■ Raw data:
▼
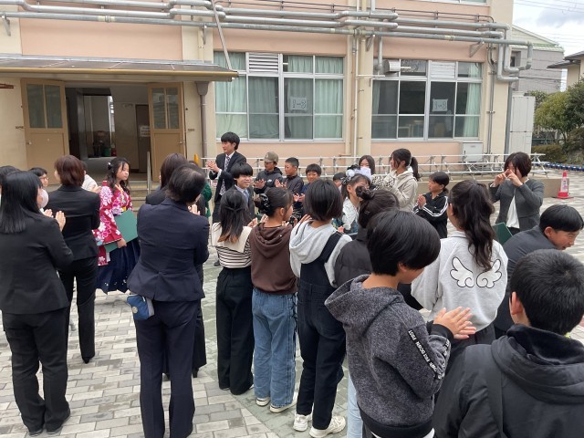 96名の卒業生たちが、五年生や保護者の方、教職員が作る花道を抜けていきます。
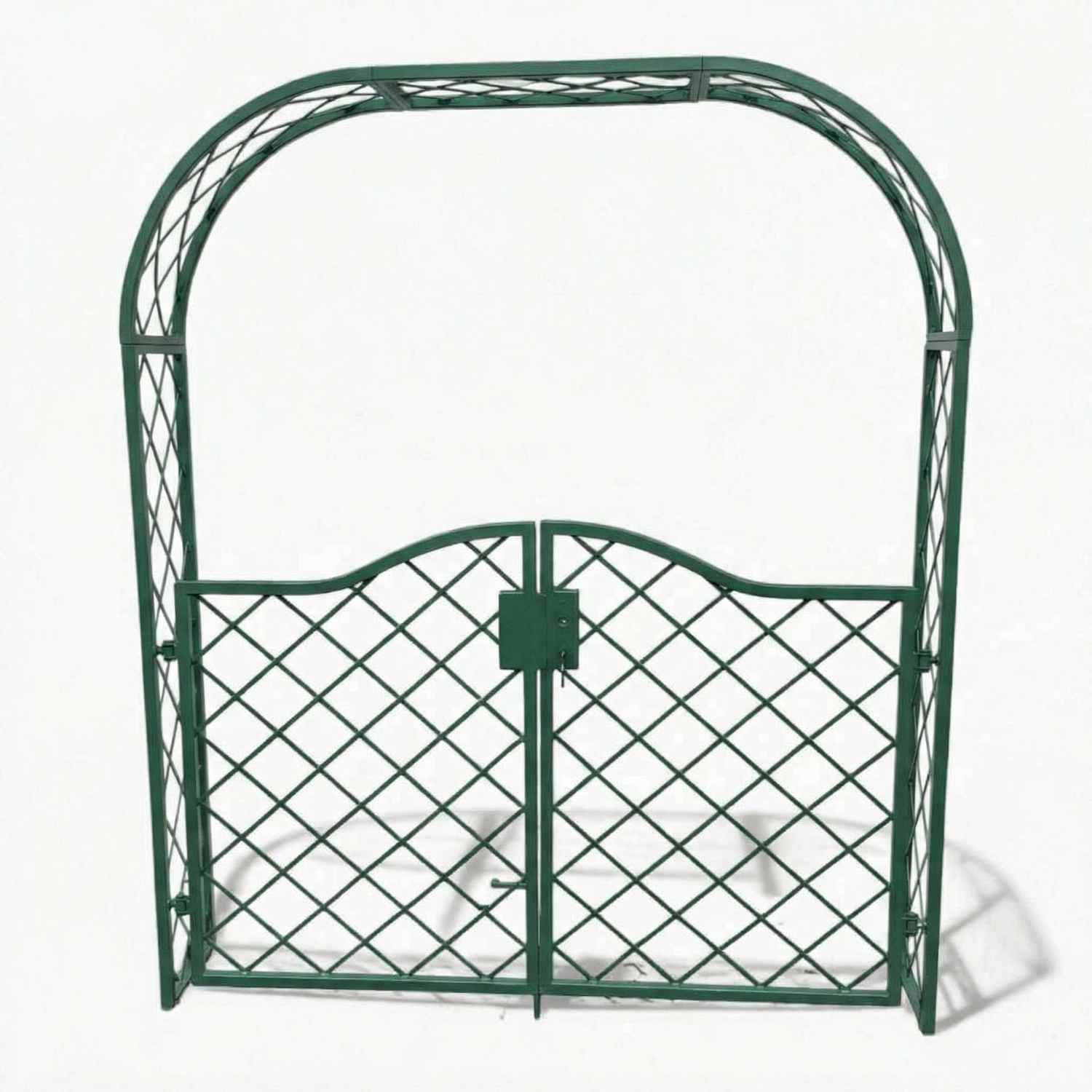 Rosenbogen mit Tür Bozen-RBGT-RBS 170/220, GABELLA™ solide Marken-Qualität, hochwertige Handarbeit vom Hersteller, Bozen: Dekoratives Eisenwerk mit Eisengeflecht im Kreuzverbund aufwendig und sauber von Hand gearbeitet und in den stabilen Rahmen eingefügt.
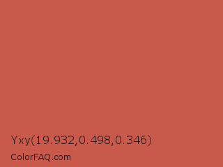 Yxy 19.932,0.498,0.346 Color is a normal red color and the nearest color is Cedar Chest #c95a49. Hex code #c8594b and RGB value is rgb(200,89,75). In RGB color space, this color is composed of 78% red, 35% green, 29% blue, In CMYK color space, this color is composed of 0% cyan, 56% magenta, 63% yellow , 22% black , In HSL color space, this color has a hue angle of 7° , 53% saturation and 54% lightness.
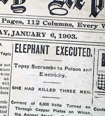Topsy spent the last years of her life at Coney Island’s Luna Park. Because she had killed three men – one being a trainer who fed her a lit cigarette – Topsy was deemed threatening. When it became known she was to be put down, inventor Thomas Edison lobbied for the use of his competitor’s Alternating Current (AC) for the task. Edison at the time was heavily invested in Direct Current (DC) and wanted to show Westinghouse’s AC was lethal. He actually knew AC was the better alternative, but business was business, and he was a reptile. On January 4, 1903, at the age of 28, Topsy was fed carrots laced with cyanide, then 6,600-volts surged through her body. She was dead in seconds. A crowd of 1,500 watched her die; lest anyone miss the scene, Edison filmed it to be seen by audiences all over the United States.
▲
■ Exercise:
Reproduce the material word for word. Any pictures should be left out of the copy.

■ Output:
 96名の卒業生たちが、五年生や保護者の方、教職員が作る花道を抜けていきます。
 Rosenbogen mit Tür Bozen-RBGT-RBS 170/220, GABELLA™ solide Marken-Qualität, hochwertige Handarbeit vom Hersteller, Bozen: Dekoratives Eisenwerk mit Eisengeflecht im Kreuzverbund aufwendig und sauber von Hand gearbeitet und in den stabilen Rahmen eingefügt.
 Yxy 19.932,0.498,0.346 Color is a normal red color and the nearest color is Cedar Chest #c95a49. Hex code #c8594b and RGB value is rgb(200,89,75). In RGB color space, this color is composed of 78% red, 35% green, 29% blue, In CMYK color space, this color is composed of 0% cyan, 56% magenta, 63% yellow , 22% black , In HSL color space, this color has a hue angle of 7° , 53% saturation and 54% lightness.
Topsy spent the last years of her life at Coney Island’s Luna Park. Because she had killed three men – one being a trainer who fed her a lit cigarette – Topsy was deemed threatening. When it became known she was to be put down, inventor Thomas Edison lobbied for the use of his competitor’s Alternating Current (AC) for the task. Edison at the time was heavily invested in Direct Current (DC) and wanted to show Westinghouse’s AC was lethal. He actually knew AC was the better alternative, but business was business, and he was a reptile. On January 4, 1903, at the age of 28, Topsy was fed carrots laced with cyanide, then 6,600-volts surged through her body. She was dead in seconds. A crowd of 1,500 watched her die; lest anyone miss the scene, Edison filmed it to be seen by audiences all over the United States.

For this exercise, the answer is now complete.